Beyza Bayraktar'ın "Psikoloğa ne zaman gidilmeli?" başlıklı köşe yazısı

En çok karşılaştığım sorulardan biri şu: “Psikoloğa gitmem gerekiyor mu?” Bunu kimi zaman bir arkadaş sohbetinde, kimi zaman içini dökmek isteyen bir mesajda, bazen de sessizce düşünen bir bakışta duyuyorum. Belki sen de şu an bu satırları okurken benzer bir soruyu zihninde taşıyorsun: Gerçekten bir psikoloğa gitmeli miyim? Gitmeye ihtiyacım var mı? Yoksa bu sadece geçici bir his mi?

İyi olduğunu düşündüğümüz anlarda bile içten içe bir şeylerin yolunda olmadığını hissedebiliriz. Bazı günler, bir sabah yatağından kalkmak zor gelir, bazı geceler hiçbir şey olmamış gibi görünse de gözlerin dolabilir. Ve o zaman başlar sorgu: Bu herkesin yaşadığı bir şey mi? Yoksa ben mi zorlanıyorum?

Bu yazıda birlikte bu soruların izini süreceğiz. Psikoloğa ne zaman gidilmeli, hangi duygular ya da durumlar bize bir destek gerektiğini fısıldar? Cevaplar bazen net, bazen belirsiz olabilir; ama en önemlisi, sorunun kendisini duymaya cesaret etmek. Şimdi gel, birlikte bakalım: Gerçekten gitmeli misin?

İlk olarak şunu bilmek önemli: Psikoloğa gitmek için “dibe vurmuş” olmayı beklemek gerekmez. Ruhsal destek, sadece kriz anlarında değil, zorlayıcı ama yönetilebilir görünen dönemlerde de son derece kıymetlidir. Tıpkı vücudumuzda hafif bir ağrı hissettiğimizde doktora gitmeyi düşünebildiğimiz gibi, zihinsel ya da duygusal yüklerimiz arttığında da bir uzmandan destek almak hayat kalitemizi yükseltir.

Hayat kaliteni düşüren, seni duygusal olarak zorlayan ya da işlevselliğini bozan bir durum varsa, evet, bir psikoloğa gitmeyi düşünebilirsin. Bunun için yaşadığın şeyin “büyük” ya da “ağır” olması gerekmez. Herkesin hikayesi kendine özgüdür ve her hikaye kıymetlidir. Senin yaşadıkların da hissettiklerin de.

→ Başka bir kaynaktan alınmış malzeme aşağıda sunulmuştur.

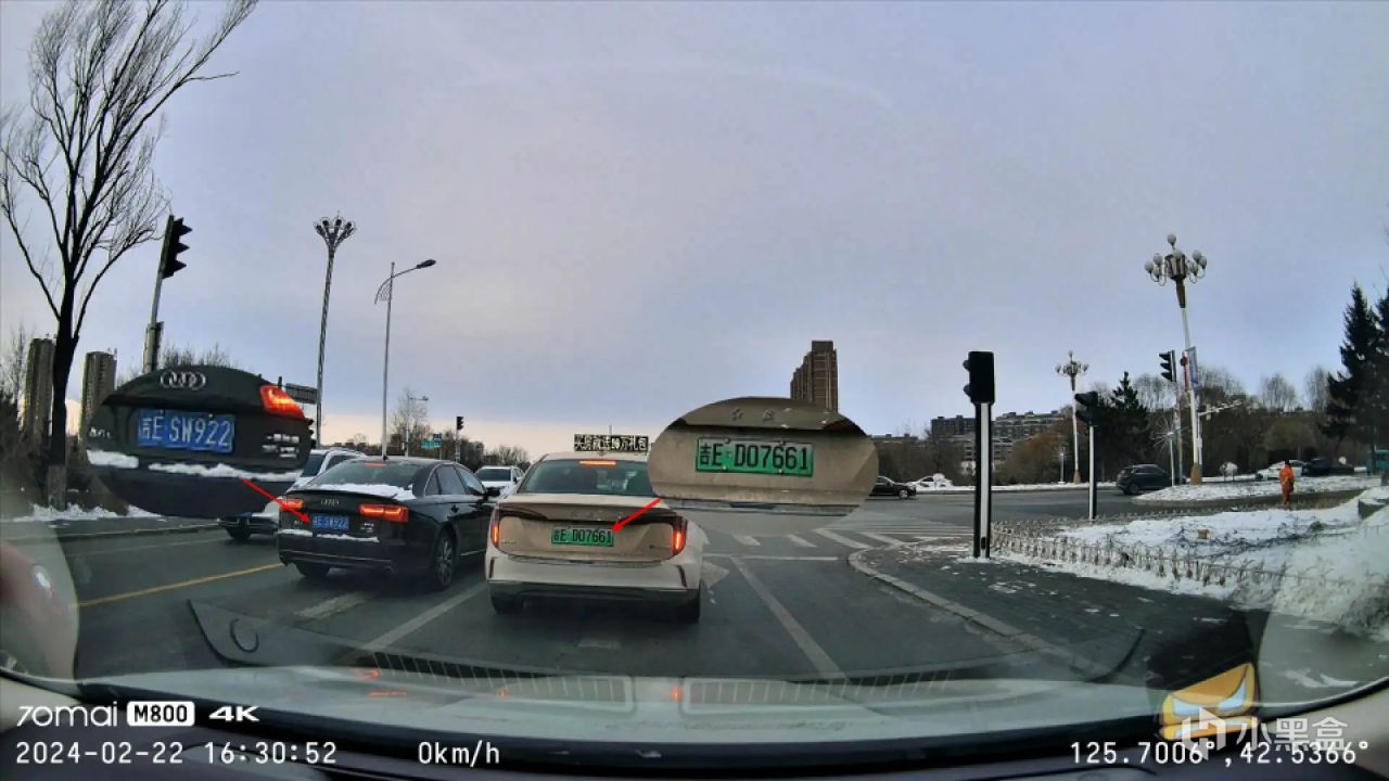 另外,因为70迈智能行车记录仪M800带有4G模块,能够进行准确的定位,除了能显示拍摄时间外,画面右下角会显示出准确的经纬度。这样的影像不仅清楚明了,作为举证材料也更有说服力。
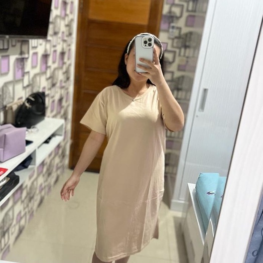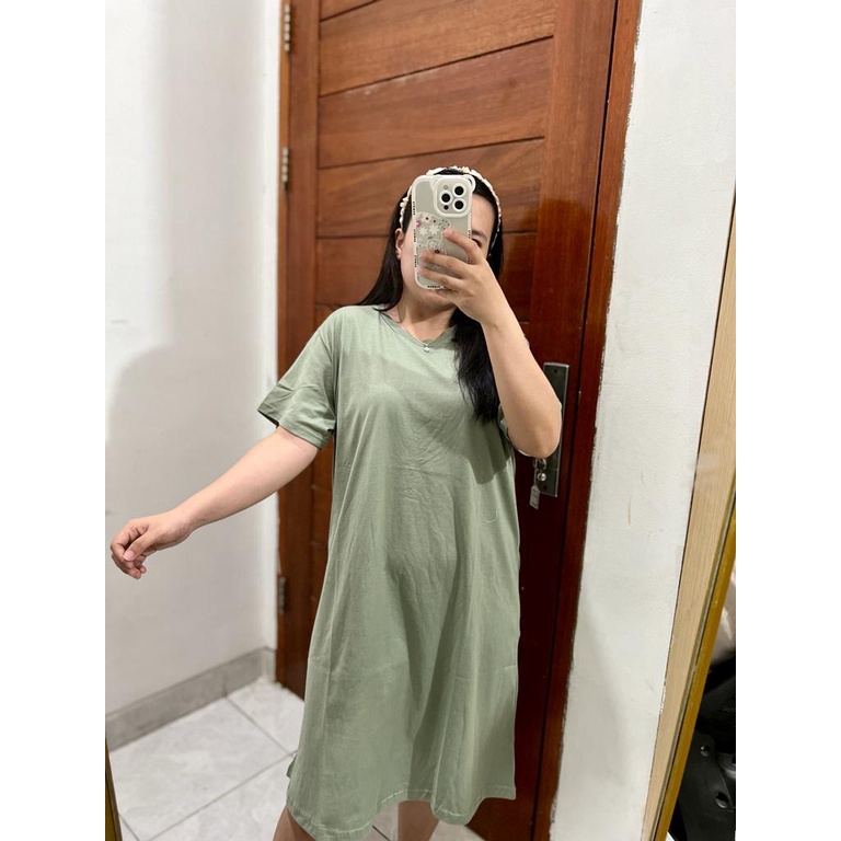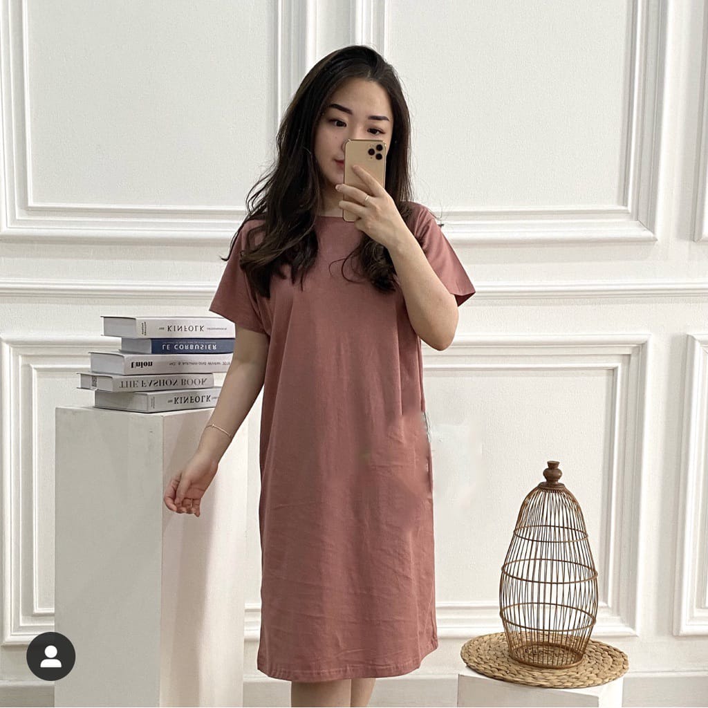 Dress Katun Polos Hitam / Beige / Sage Green / Dress Korea Style
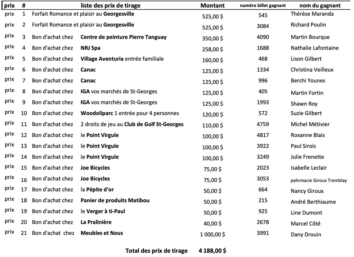 Les 21 détenteurs des canards gagnants se sont partagé des prix totalisant 4188 $. Cette campagne de financement sert pour le fonctionnement du CNRB, pour le remplacement des équipements et pour garder des entraîneurs qualifiés.
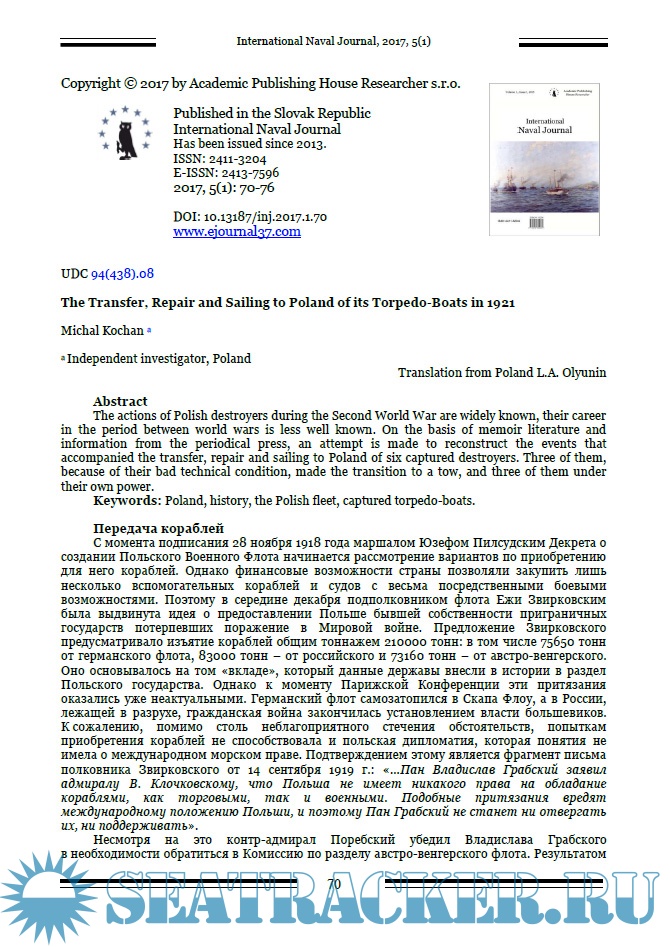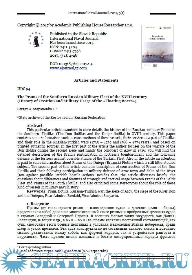 Описание: Миссия журнала заключается в создании международной дискуссионной платформы в области военно-морской истории. В отличие от большинства авторитетных военно-морских исторических журналов, мы позиционируем себя в первую очередь как один из немногих научных журналов в этой области, что предполагает необходимые требования к структурированию работы, ее метаданным, библиографическому описанию, а также процедуре рецензирования.Журнал публикует материалы, статьи и краткие сообщения о результатах исследований в области военно-морской истории, на английском и русском языках. Выходные данные статьи на английском языке.
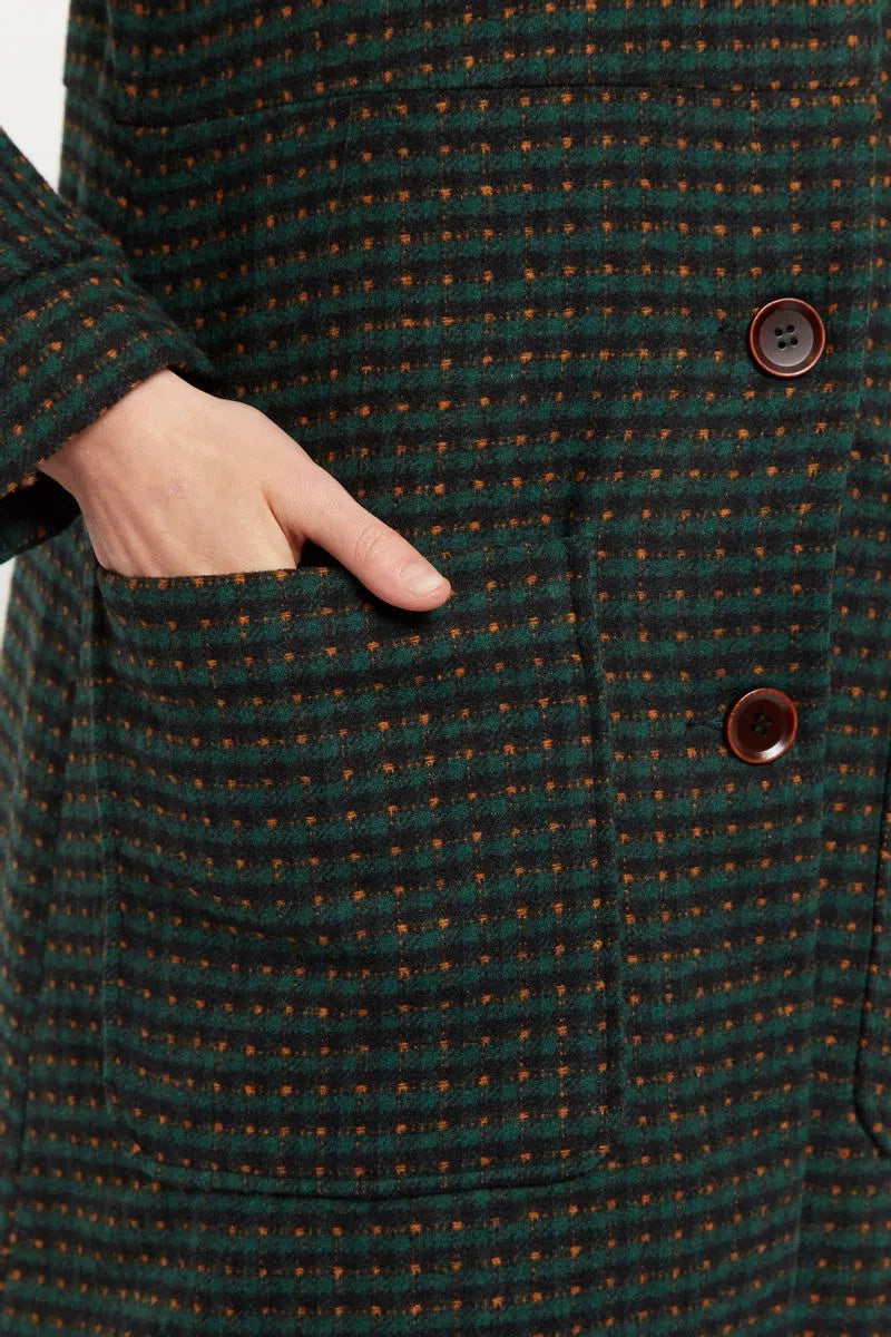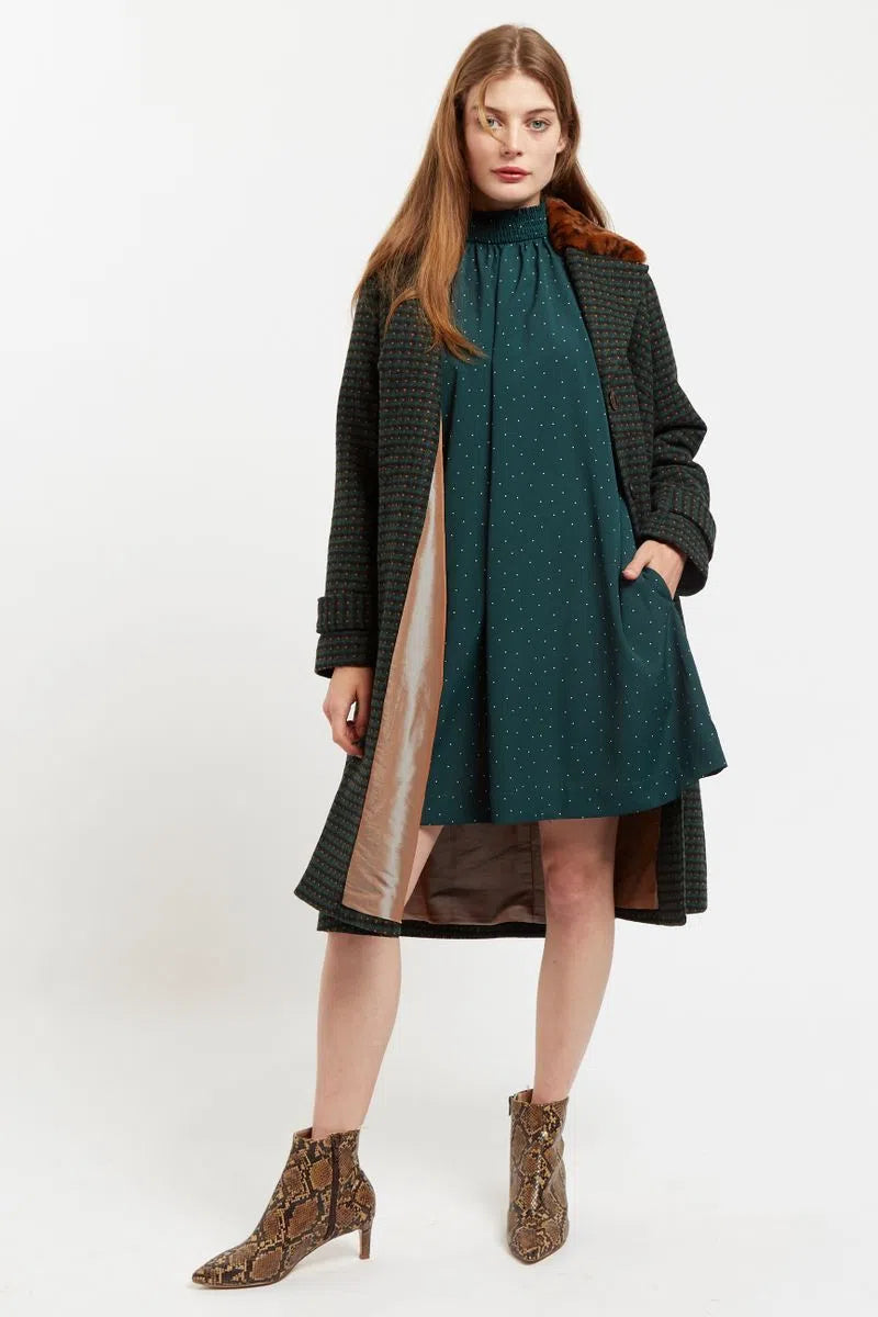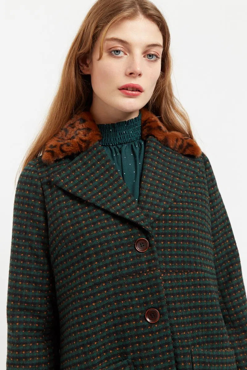 Roksana the reimagined country coat crafted in a wool rich check with luxe shot iridescent lining. Features an oh so soft faux leopard fur collar an deep inverted pleated back to give the coat that all important swing!
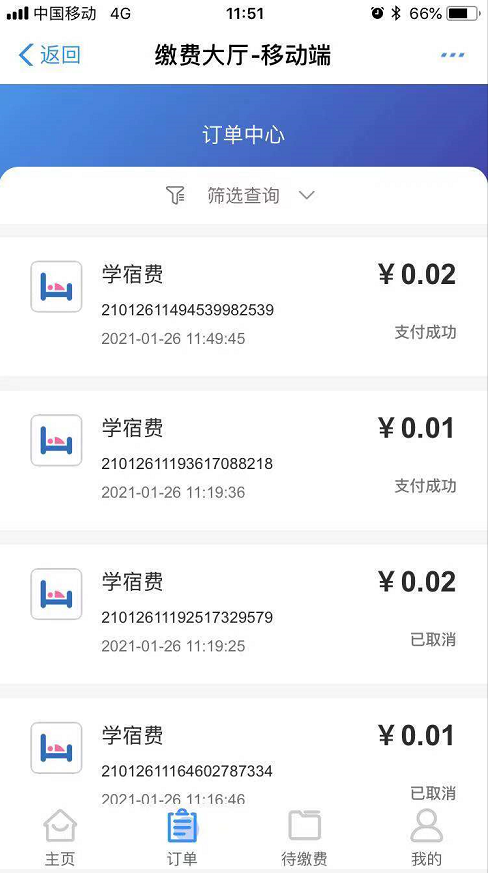 5、繳費(fèi)完成后可以在主頁(yè)如圖1-7中點(diǎn)擊“訂單”按鈕,查詢繳費(fèi)訂單如圖1-8
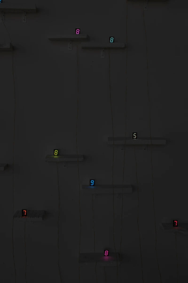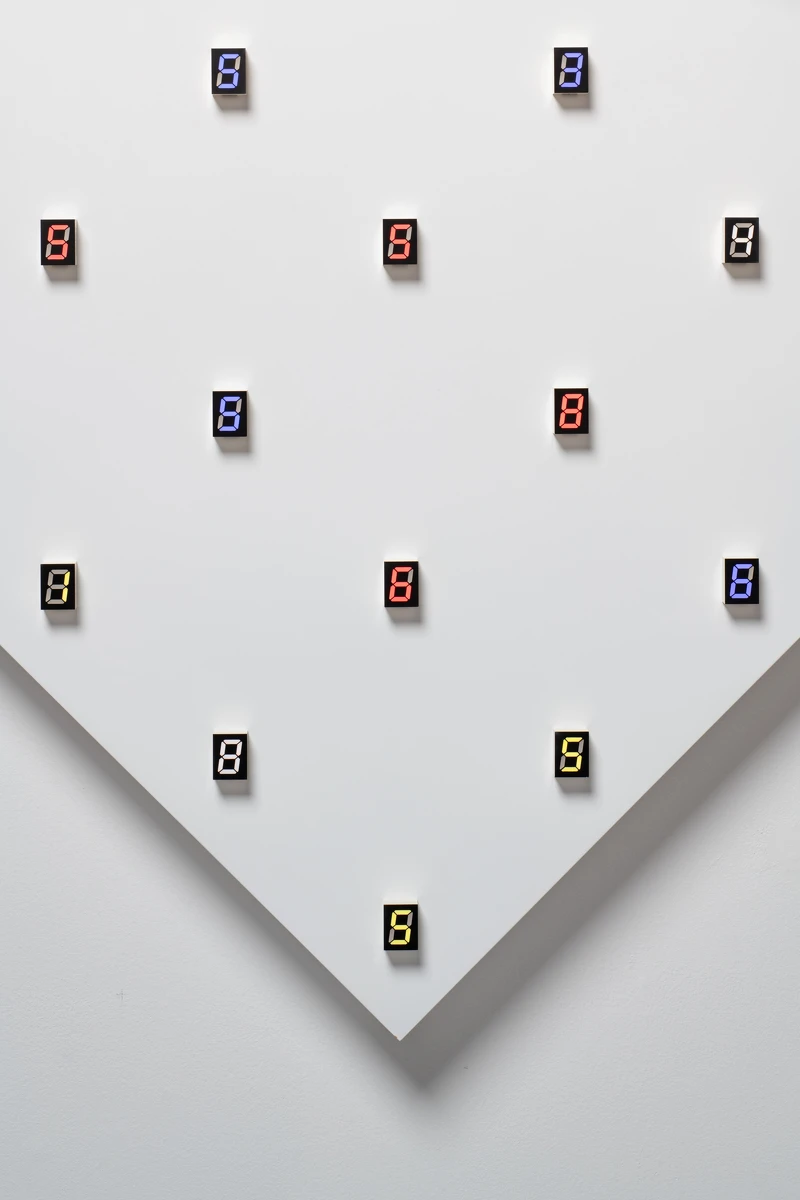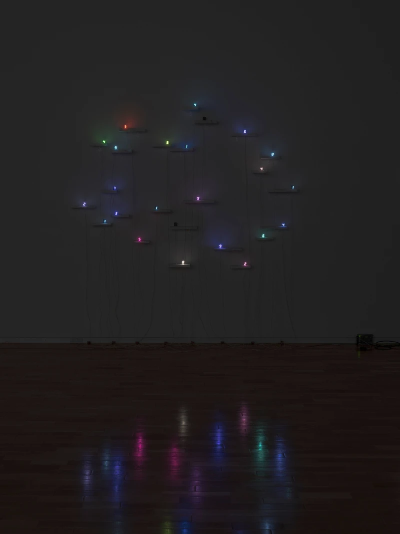 在宮島的藝術(shù)實踐里,數(shù)字持續(xù)循環(huán)與重複,無論是從 1 到 9,或 9 到 1,每一個序列皆象徵一個完整的生命週期。然而在他的作品中始終缺席。在數(shù)列的循環(huán)里,9 之后不是 0,而是一段空白的停頓。這片黑暗彷彿是死亡與重生的瞬間,也呼應(yīng)了佛教中輪迴與轉(zhuǎn)世的哲學(xué)思考。數(shù)字因此以各種形式出現(xiàn) ── 網(wǎng)格、塔樓、錯綜的電路或單純的數(shù)字本身 ── 不斷延展他對時間與空間中的持續(xù)探索。
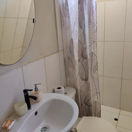 The apartment offers guests the convenient feature of bath sheets in the bathroom. Additionally, you'll find a separate toilet and a shower.
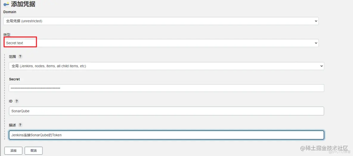 按照以往经验,在添加登录凭证的时候选择的都是用户名/密码的方式,这次我们选择Secret Text的方式
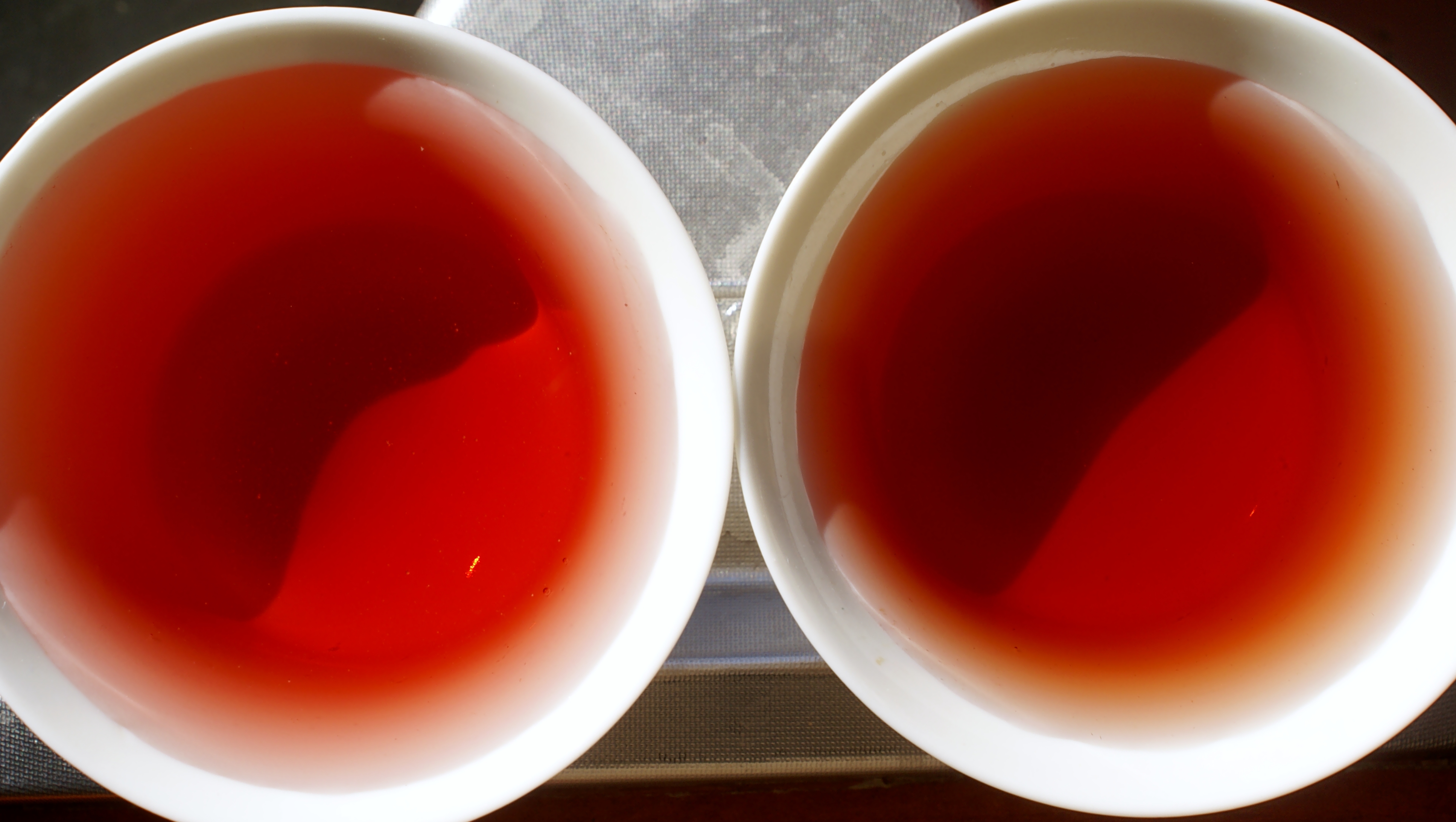 Another interesting thing about these Montalcino rosés is that they appear to age very well. Il Poggione’s 2009 is fresh as a daisy at a moment when most rosé bottlings should quickly be moving to the 2010 vintage. The Biondi-Santi at four years is showing no sign of tiredness. I’ve taken the following two photos pouring the wines into neutral white tea cups so that you can observe the colours:

Çoğu zaman şu düşünceyle karşılaşırız: “Benim yaşadığım şey o kadar da büyük bir sorun değil, başkaları çok daha kötü durumda.” Bu düşünce, yardım alma hakkımızı elimizden alan tehlikeli bir yanılsamadır. Duygunun büyüğü küçüğü olmaz. Senin için zor olan, değerlidir. Kıyasladıkça duyguların derinliğini kaybederiz; oysa terapide amaç, senin hikayene odaklanmak, senin pencerenden bakabilmektir.

Psikoloğa gitmek, sadece “çökmüş” hissettiğinde yapılacak bir şey değil. Bazen terapi; iyi olduğun halde daha iyi hissetmek, daha sağlam sınırlar çizmek, ilişkilerini daha sağlıklı yürütmek ya da sadece iç sesini daha net duymak içindir.

Bu bir “son çare” değil, kendine atacağın sağlıklı bir adımdır. Bazı insanlar terapiye belirli bir sorunla gider; bazılarıysa ne olduğunu tam bilmediği ama rahatsız edici bir hisle. Her ikisi de eşit derecede geçerli ve değerlidir. Çünkü terapi bir çözüm arayışından çok bir farkındalık yolculuğudur. Bazen sadece biri seni yargılamadan dinlesin istersin. Bazen bir kelime, bir bakış açısı, bir sessizlik bile sana kendini daha iyi anlatır.

Psikoloğa gitmek, zayıflık değil, kendinle ilgilenme cesaretidir. Ve bu, kendine verebileceğin en içten, en derin hediyelerden biridir. Kendi zihnini, kendi duygularını anlamaya niyet etmek; yaşamın yüklerini tek başına taşımak zorunda olmadığını kabul etmektir.

Her insanın içinde taşıdığı bir hikaye vardır. Bazıları anlatılmayı, bazıları duyulmayı, bazıları ise sadece anlaşılmayı bekler. Belki de artık senin hikayen de dinlenmeyi hak ediyordur. Birlikte yürünecek yollar, paylaşılacak yükler, iyileşmeye açılan kapılar var. Kapıyı aralamak senin elinde.